Etude du Coran. L'imam est celui qui guide la prière et prononce le prêche, qui s'appuie sur le Coran. — F. DUFOUR / AFP

Ils sont trentenaires comme quinquagénaires. Certains sont de nationalité française, d'autres algériens, tunisiens ou encore comoriens. Pour beaucoup, ils se destinent à devenir imams.

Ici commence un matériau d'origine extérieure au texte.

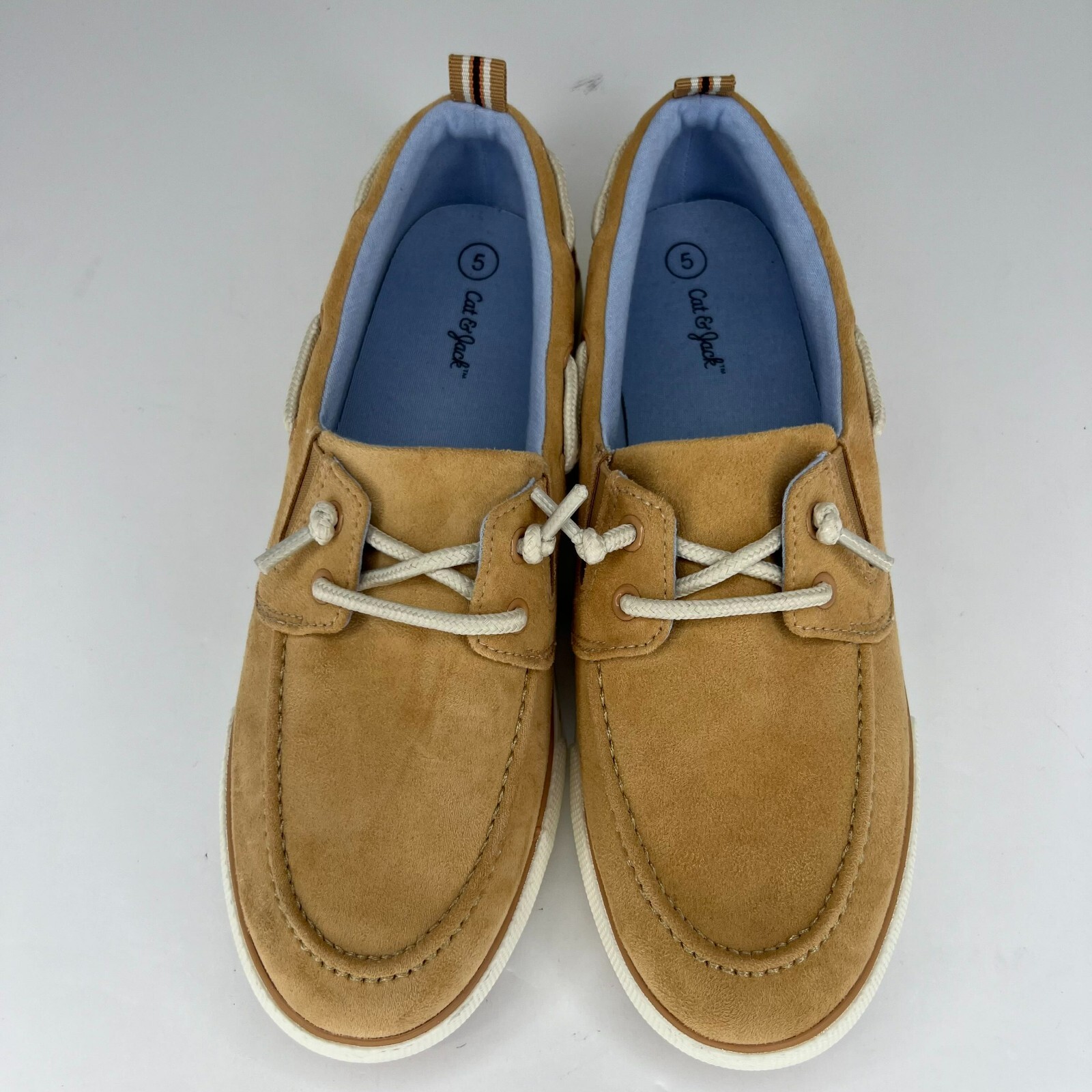 Step out in style with these Cat & Jack men's boat shoes. The brown solid faux suede upper material combined with a round toe shape and lace-up closure makes for a comfortable and casual look. These shoes are perfect for any occasion, whether it be a day out with friends or a casual walk around the park. The outsole material is made of faux suede, adding to the durability and comfort of the shoes. With a UK shoe size of 4.5 and a US shoe size of 5, these shoes are available in EU shoe size 37. The brand, Cat & Jack, is known for its quality and style. These boat shoes are a must-have for any fashion-forward man. 100% CUSTOMER SATISFACTION IS OUR GOAL! Our items are always carefully examined for condition, measured if necessary, and photographed in a climate controlled and smoke-free environment. We make every attempt to accurately describe and clearly picture the items we have for sale. Please, ALWAYS view all of the photos. We value your business and our goal is your complete satisfaction. FAST SHIPPING All items are packaged with care and shipped out the same or next business day via USPS, FEDEX, or UPS with tracking numbers so you are always informed. RETURNS We offer a 30-day return policy. All items must be unused and unopened in the condition in which they were received, with original packaging, and all accessories included for return. REVIEWS - CUSTOMER SATISFACTION - COMMUNICATION We aim to make you happy. After you receive your shipment, please leave a positive review . If you have concerns or questions about your order, please contact us so we can resolve the issue. We will do our best to make you satisfied. THANK YOU FOR YOUR BUSINESS!

La nouvelle promo du cours «Religions, laïcité, interculturalité» dispensé par l’Institut catholique de Paris a effectué mardi sa «rentrée».

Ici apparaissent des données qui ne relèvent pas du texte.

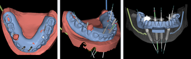 The position of the implants must be prosthetically driven. Any of the major software planning tools can be used with dynamic navi- gation. The software included with the navigation system allows for dual scan planning, as dual scan images are suitable for this prosthetically driven approach. Once the plan is completed, the data should be sent for fabrication of the provisionals. If navigation software is used for implant planning, the data can be exported as individual or linked generic .stl files, or if planning is done without the navigation software, the data can be imported into the navigation system.

Au programme de cette formation non-confessionnelle, entre autres, des cours sur les institutions de la Ve République française, sur les Droits de l’homme ou encore une approche des différentes confessions, de l’hindouisme au protestantisme en passant par le judaïsme ou le catholicisme. Une approche qui vise, selon Benoît Audhuy, du rectorat de l’Institut, «l’intégration par l’apprentissage des valeurs de la République.» La formation est mise en place conjointement par l’Institut catholique et le ministère de l’Immigration et de l’Intégration, qui la finance.
 
De futurs imams
 
En théorie, le cycle a vocation à accueillir des étudiants, des enseignants, mais aussi des cadres associatifs ou des travailleurs sociaux confrontés à la question de l’articulation entre laïcité et religion. Dans les faits, la première «promo», d'une vingtaine d' étudiants, est en grande majorité composée d’élèves de l’Institut de la Grande Mosquée de Paris, qui peut ainsi faire bénéficier ses élèves d'une formation «complémentaire, facultative et ponctuelle (…) dans le seul but de favoriser leur bonne intégration républicaine», comme l’indiquait Dalil Boubakeur, recteur de la Mosquée en octobre, au moment de l'annonce de ce cycle de cours.
Beaucoup se destinent à être imams, aumôniers ou aumônières, car la formation a aussi attiré quelques femmes.

Selon les responsables, la formation, à terme, espère rassembler des étudiants de toutes tendances religieuses même si, insiste Olivier Bobineau, directeur du Diplôme universitaire (D.U.) «je n’ai pas à demander la confession de mes étudiants».

La création du cycle, souhaitée par certains membres de la communauté musulmane et qui attire de futurs imams, avait été écartée par plusieurs universités, craignant sans doute que cette formation inédite ne contredise le principe de laïcité.